Lithium-ion batteries, which are used in mobile phones and electric cars, are currently the most common storage technology for large-scale facilities, allowing electrical networks to provide a consistent supply of renewable energy.
Dating back before lithium-ions prime, this gravity-based concept physically transfers water from a low to a high reservoir, from which the water descends to generate power as needed. According to the U.S. Department of Energy, hydropower currently provides 95% of grid storage in the United States.
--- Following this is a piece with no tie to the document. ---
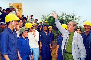| Đồng chí Võ Văn Kiệt gặp gỡ công nhân Đội xây lắp điện 7 thuộc Công ty Xây lắp điện I - 500 KV |

Once built, these systems possess a low cost of storage and hold vast amounts of energy compared to the world’s biggest batteries. The one hurdle preventing mass development is that pumped-hydro storage plants are particularly difficult to develop due to the permitting implications of huge water-based infrastructure and the recent difficulty in completing massive building projects in general.
Nonetheless, a few of these projects are making progress. The 400-megawatt Gordon Butte project in Montana has both licenses and financial backing as well as the 1,300-megawatt Eagle Mountain in California has a federal license to construct.
Overcoming the limitations of battery and pumped water storage, (batteries suffer from storage degradation and can only store a limited amount of energy, while pumped water storage can only be used in specific geographic areas), hydrogen energy storage uses surplus energy created by renewables during low energy demand periods to power electrolysis. Once generated, it can be used in stationary fuel cells for power generation, fuel for vehicles and injected into natural gas pipelines to minimise carbon emissions.
Hydrogen produced through electrolysis is proving to be a cost-effective fuel choice, with data from the International Energy Agency estimating that hydrogen generated from wind will be cheaper than natural gas by 2030. And the technology has demonstrated its worth outside of the lab through real-world projects. For example, in 2018, Enbridge Gas Distribution and FCHEA member Hydrogenics opened North America’s first multi-megawatt power-to-gas facility using renewably-sourced hydrogen.
Energy storage technologies will continue to see advances as more innovators enter the market and the industry continues to expand and mature. This technology will power our grid to reach its goal of becoming more efficient, stable and cost-effective as the world ventures towards an energy future with renewables at the core.